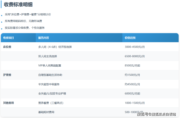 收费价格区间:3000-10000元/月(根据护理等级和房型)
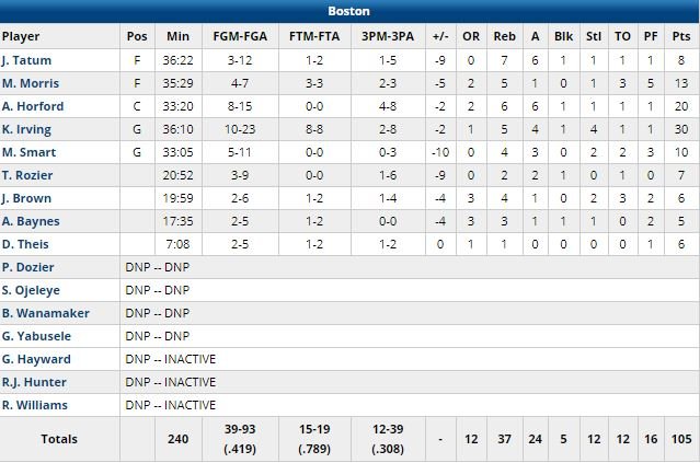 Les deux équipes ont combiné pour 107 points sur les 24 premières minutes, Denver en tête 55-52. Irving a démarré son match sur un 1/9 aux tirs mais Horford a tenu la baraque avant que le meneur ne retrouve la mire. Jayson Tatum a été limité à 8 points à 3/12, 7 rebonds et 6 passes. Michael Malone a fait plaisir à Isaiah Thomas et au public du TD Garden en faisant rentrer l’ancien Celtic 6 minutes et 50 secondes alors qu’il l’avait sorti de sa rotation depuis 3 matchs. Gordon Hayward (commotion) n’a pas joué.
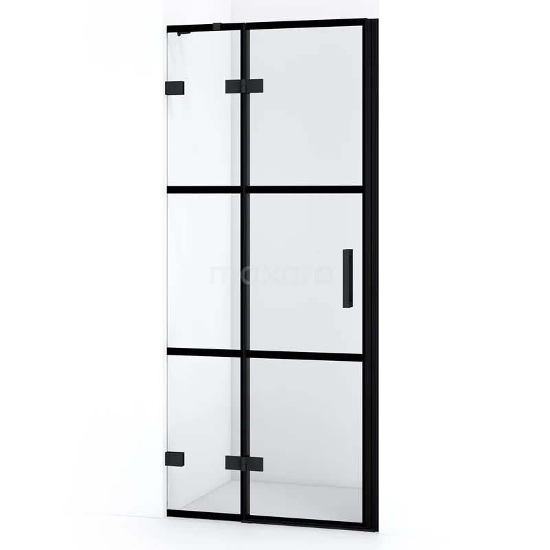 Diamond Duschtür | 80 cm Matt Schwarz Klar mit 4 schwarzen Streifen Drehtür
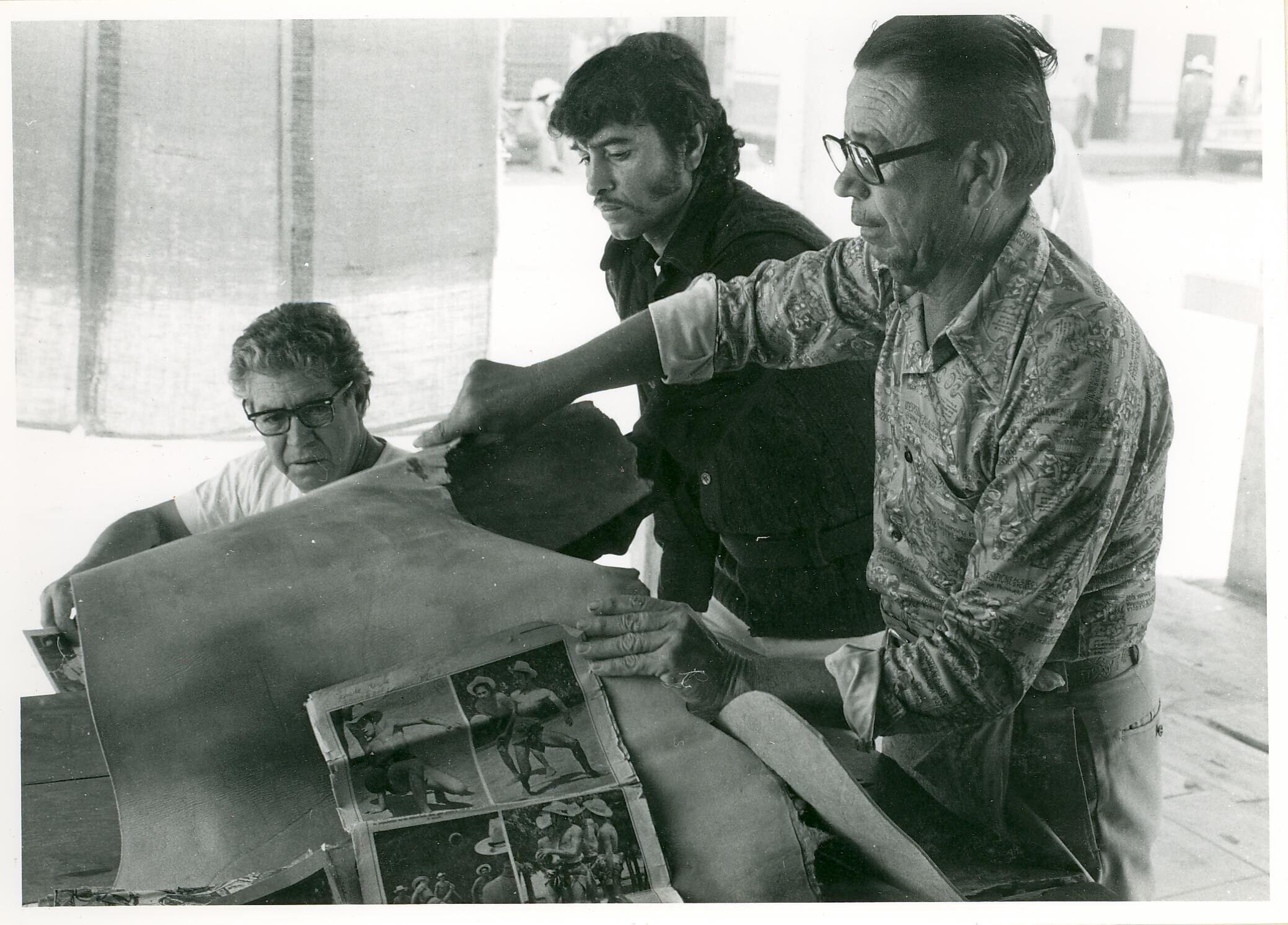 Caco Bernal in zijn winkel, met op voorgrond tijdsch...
::::::
● Work task:
The lines from the one with "Les deux équipes" to the end of the data above should be retyped exactly, both ends included, and pictures are to be left out.

● Solution for this problem:
 Les deux équipes ont combiné pour 107 points sur les 24 premières minutes, Denver en tête 55-52. Irving a démarré son match sur un 1/9 aux tirs mais Horford a tenu la baraque avant que le meneur ne retrouve la mire. Jayson Tatum a été limité à 8 points à 3/12, 7 rebonds et 6 passes. Michael Malone a fait plaisir à Isaiah Thomas et au public du TD Garden en faisant rentrer l’ancien Celtic 6 minutes et 50 secondes alors qu’il l’avait sorti de sa rotation depuis 3 matchs. Gordon Hayward (commotion) n’a pas joué.
 Diamond Duschtür | 80 cm Matt Schwarz Klar mit 4 schwarzen Streifen Drehtür
 Caco Bernal in zijn winkel, met op voorgrond tijdsch...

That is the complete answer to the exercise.